Table 1.
Etiology of ND | Definition |
---|---|
Reversible | |
Infectious | When in the presence of a diagnosed infection (eg, of the urinary or respiratory tracts, cerebral ventricles or meninges, skin or soft tissue, blood vessels or heart valves)* with identified pathogen on microbiology or consolidation on chest imaging with clinical symptoms, in the case of pneumonia |
Metabolic | When in the presence of a new clinically relevant derangement in laboratory value based on our laboratory standards (eg, uremia, hyper/hypocalcemia, hyper/hypoglycemia, hyper/hyponatremia, or hyperammonemia) during the 24-h window surrounding the documentation of ND |
Hemodynamic | When in the presence of a significant rise or drop in blood pressure during the 24 h before documentation of ND as determined clinically, new-onset arrhythmia as determined via electrocardiography or telemetry, or cardiovascular event (including myocardial infarction) as determined via electrocardiographic, telemetric, and/or laboratory methods (for instance, elevated serum troponin I level†) that may have impaired cerebral perfusion but did not cause a new imaging-confirmed stroke |
Edema | When focal cerebral or cerebellar mass effect was identified on follow-up computed tomographic or magnetic resonance imaging in the 24-h window surrounding the date of ND |
Fluctuation | When the patient returned to prior (day before ND) NIHSS score on the day after the episode of ND in the absence of other identified causes of ND |
Sedation | When the patient was given any medication with sedative effects, as determined by the attending physician’s clinical experience, in the 24 h before documentation of ND and when no other cause of ND was identified |
Seizure | When in the presence of electroencephalogram-confirmed epileptiform activity or periodic rhythm or clinical observation of seizure-like activity during the 24-h window surrounding the documentation of ND |
Nonreversible | |
New stroke | New ischemic findings on CT or MRI (detected within the 24-h window surrounding the documentation of ND) outside the distribution of the initial vessel occlusion after new deficits on physical examination |
Progressive stroke | When extension of ischemic findings were detected on computed tomographic or magnetic resonance imaging by the attending physician or staff radiologist within the distribution of the initial vessel occlusion (during the 24-h window surrounding the documentation of ND) |
Intracerebral hemorrhage | When new or progressive hemorrhage of PH1 or PH2 grade was identified on 24-h follow-up imaging study |
Cardiopulmonary arrest | When documented by progress notes as having occurred within the 24-h window surrounding the documentation of ND |
Unknown etiology | When no etiology of ND was determined by the attending physician, and none of the above findings were documented in the progress notes |
Abbreviations: CT, computed tomography; MRI, magnetic resonance imaging; ND, neurologic deterioration; NIHSS, National Institutes of Health Stroke Scale.

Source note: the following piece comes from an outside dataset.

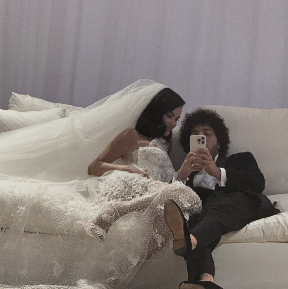 “Aku menikahi seorang putri Disney di dunia nyata,” tulis Benny Blanco di Instagram sehari setelah pernikahannya dengan Selena Gomez. Dalam unggahan tersebtu yang menyertakan selfie manis, pasangan itu tampak sedang bersantai di tempat tidur, sang pengantin terlihat mengenakan gaun putih berenda, berbeda dari gaun halter Ralph Lauren yang ia unggah di Instagram-nya sehari sebelumnya.

Bacteremia was defined as the growth of a bacterium on a culture from a venous blood sample (excluding common contaminants). Urinary tract infection was defined as > 10,000 colony-forming units per millimeter of urine in a clean-catch specimen (excluding contaminants) or suggestive findings on urinalysis. Pneumonia was defined as an infiltrate on chest radiography with appropriate clinical correlates. Other infection types (eg, cellulitis, pseudomembranous colitis, meningitis, ventriculitis) were diagnosed clinically or via laboratory/imaging findings. Clinical symptoms producing ND may have occurred hours or days before the diagnosis of ND because of infection, depending on the manner in which the infection was diagnosed. For example, pneumonia diagnosed via chest radiography in the presence of clinical symptoms may only take 1 h for the imaging order to be processed, performed, and interpreted, whereas confirmation of bacterial specimen in blood culture may have taken up to 5 days according to our laboratory standards.
Elevated serum troponin I is defined as troponin I level > .015 mg/dL, according to our laboratory standards.